■ Collected material ■

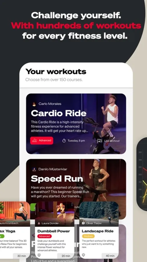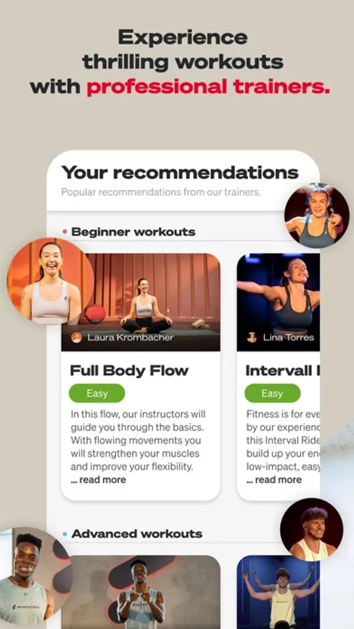 Take your workout to the next level with motivating instructors. Each training session has been specially designed by fitness experts to optimize your health and help you reach your fitness goals. You will find workouts for every level from beginner to advanced.
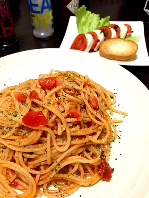 Gan Sur Twitter パスタ フレスカ英で夕食なう ジョジョ4部放映中なので娼婦風スパゲッティーことスパゲティパタネスカとモッツァレラチーズとトマトのカプレーゼを注文 相変わらずうんまぁぁぁい アニメの トニオさん回はいつ頃かしら
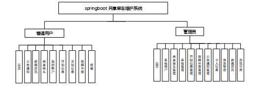 按照共享单车维护系统的角色,划分为了普通用户模块和管理员模块这两大部分。
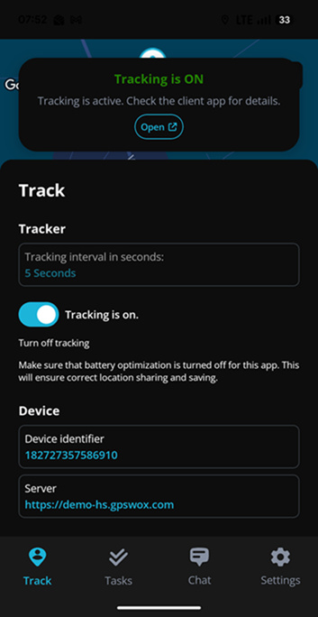 8. Go to the in-app settings and press the "Enable Tracker" switch to start tracking.

■ What to do ■
Reproduce the data above word for word and omit the images.

■ Solution to this exercise ■
 Take your workout to the next level with motivating instructors. Each training session has been specially designed by fitness experts to optimize your health and help you reach your fitness goals. You will find workouts for every level from beginner to advanced.
 Gan Sur Twitter パスタ フレスカ英で夕食なう ジョジョ4部放映中なので娼婦風スパゲッティーことスパゲティパタネスカとモッツァレラチーズとトマトのカプレーゼを注文 相変わらずうんまぁぁぁい アニメの トニオさん回はいつ頃かしら
 按照共享单车维护系统的角色,划分为了普通用户模块和管理员模块这两大部分。
 8. Go to the in-app settings and press the "Enable Tracker" switch to start tracking.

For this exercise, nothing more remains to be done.